**Exercise brief**
From the material below, return exactly the lines starting at the one that holds "Descubre nuestro Vinilo" and ending at the one that holds "附件:医保影像云跨省秒调阅医院网络报名表". Pictures stay out of the answer.

**Task material**
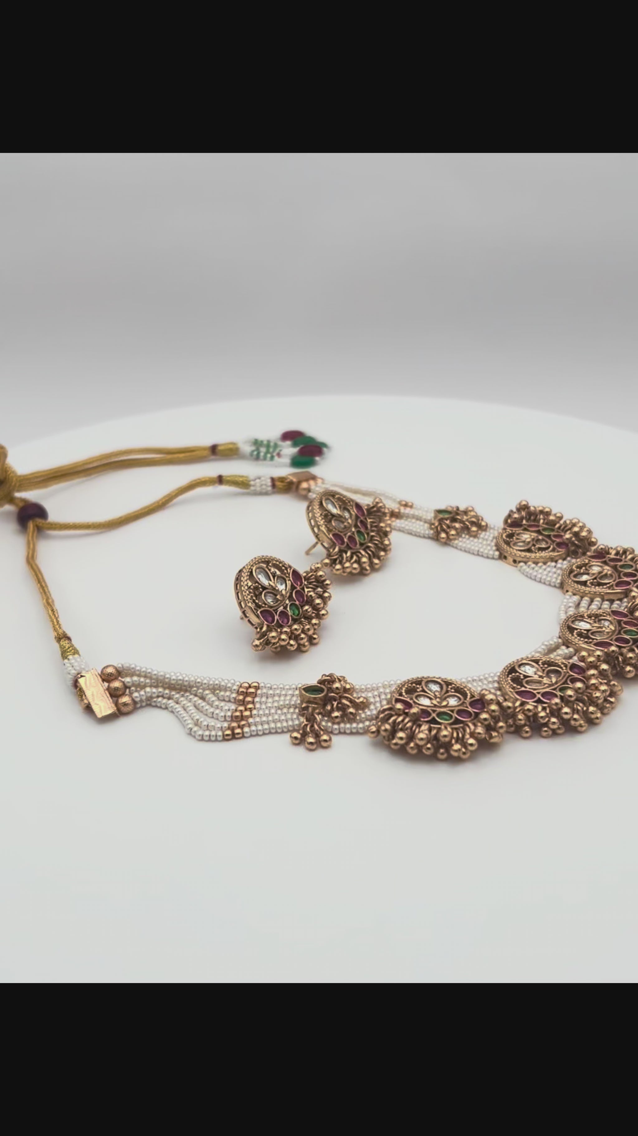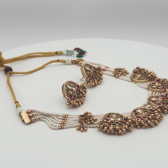 This exquisite multi-strand pearl necklace set features intricate temple-inspired floral medallions with peacock and lotus motifs, paired with matching statement earrings, creating a stunning bridal accessory for weddings and special occasions.
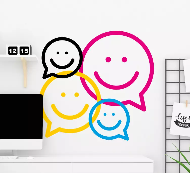Descubre nuestro Vinilo iconos de caritas sonrientes, un diseño vibrante y lleno de alegría que presenta burbujas de diálogo y caras sonrientes. Estos emoticonos, vistosos y alegres, transforman cualquier espacio, aportando un toque de felicidad y comunicación al ambiente. Ideal para aquellos que buscan dar un aire fresco y divertido a sus interiores, estos dibujos animados son perfectos para habitaciones, oficinas o cualquier rincón que necesite un poco de optimismo.
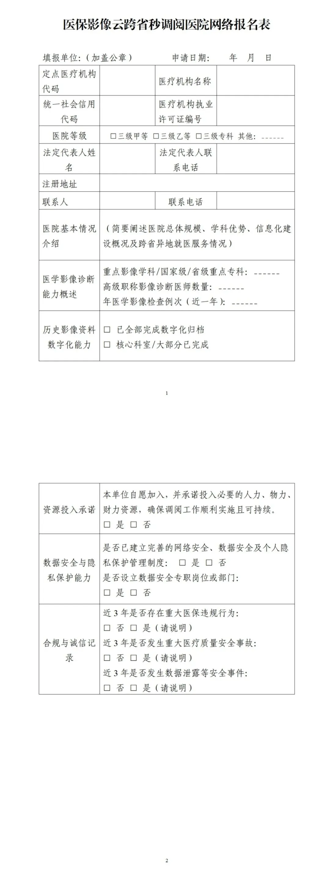 附件:医保影像云跨省秒调阅医院网络报名表
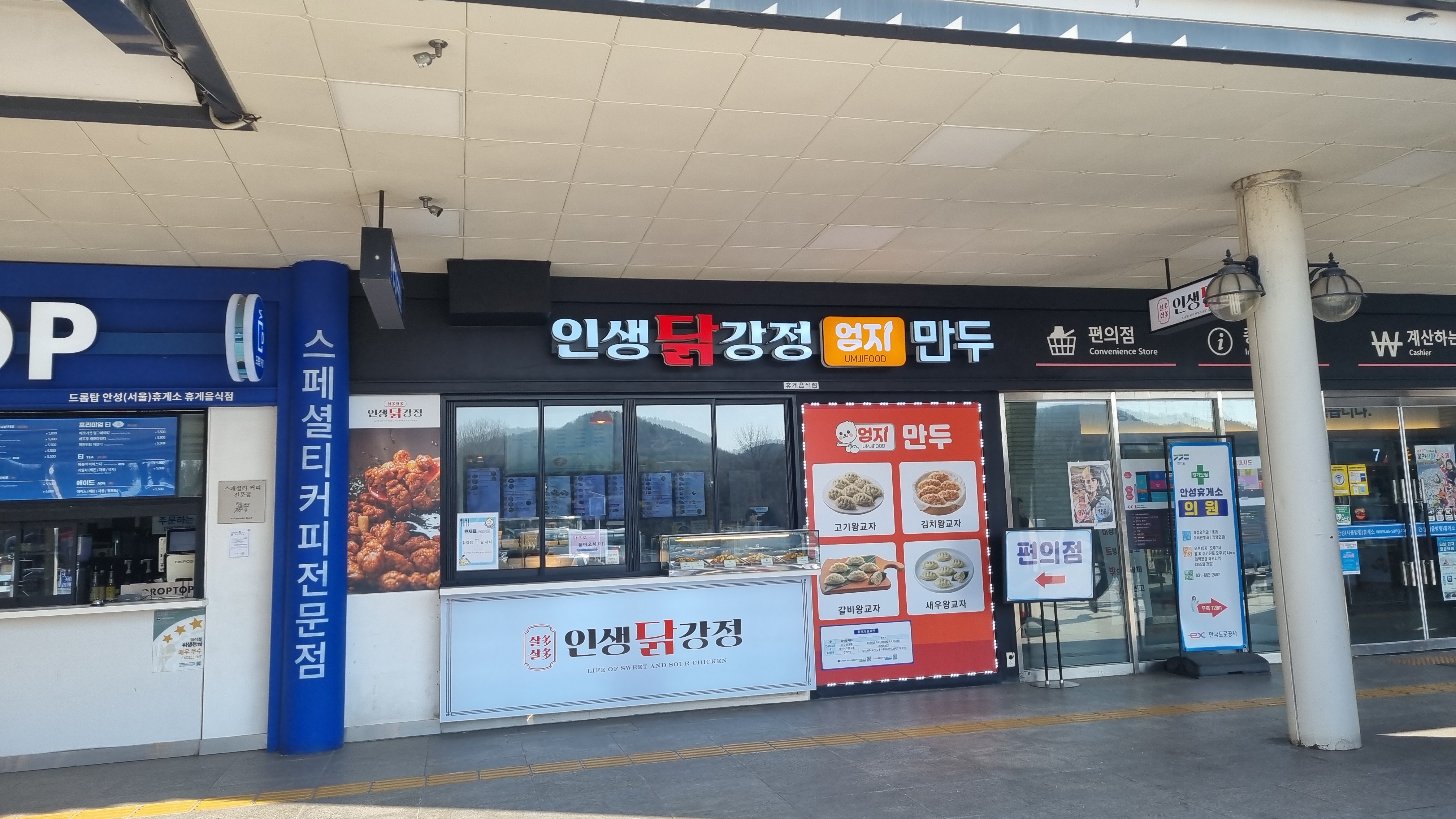 커피는 기본이고 닭강정이나 만두도 판매를 하는데 시간이 지날수록 휴게소에서 판매하는 메뉴나 종류가 계속 많아진 것 같습니다.
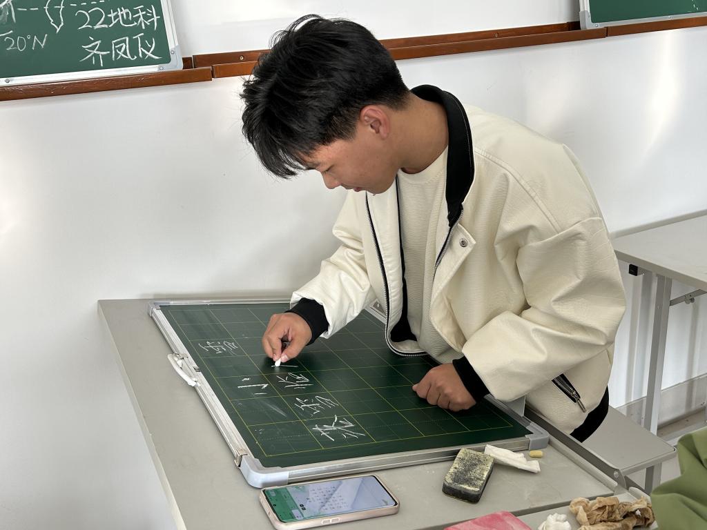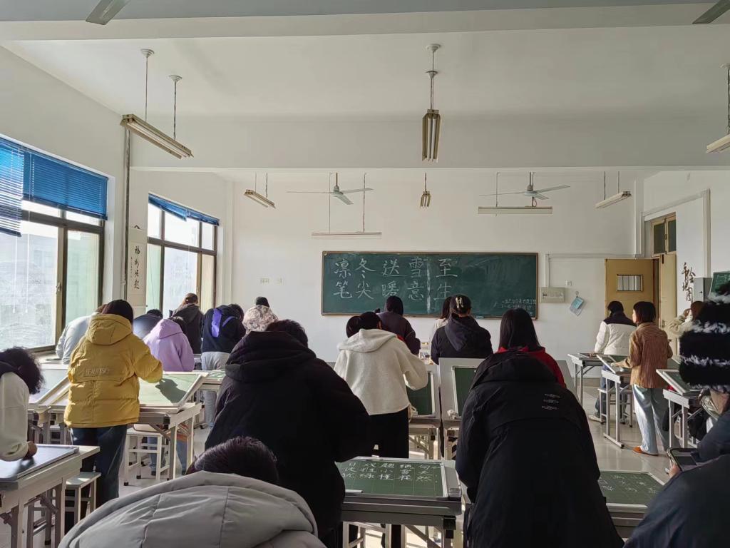本次活动由社团部三字一话一图爱好者协会主办,太阳成集团tyc33455全体同学参与。活动中,同学们认真书写,一笔一划之间有强有弱、有实有虚、有粗有细、遒劲凝重、飘逸轻松的不同的笔法,围绕“凛冬送雪至,笔尖暖意生”主旋律,将“小雪”的美描摹在一方方黑板上,传统文化给同学们带来的暖意油然而生。

**Response to this exercise**
Descubre nuestro Vinilo iconos de caritas sonrientes, un diseño vibrante y lleno de alegría que presenta burbujas de diálogo y caras sonrientes. Estos emoticonos, vistosos y alegres, transforman cualquier espacio, aportando un toque de felicidad y comunicación al ambiente. Ideal para aquellos que buscan dar un aire fresco y divertido a sus interiores, estos dibujos animados son perfectos para habitaciones, oficinas o cualquier rincón que necesite un poco de optimismo.
 附件:医保影像云跨省秒调阅医院网络报名表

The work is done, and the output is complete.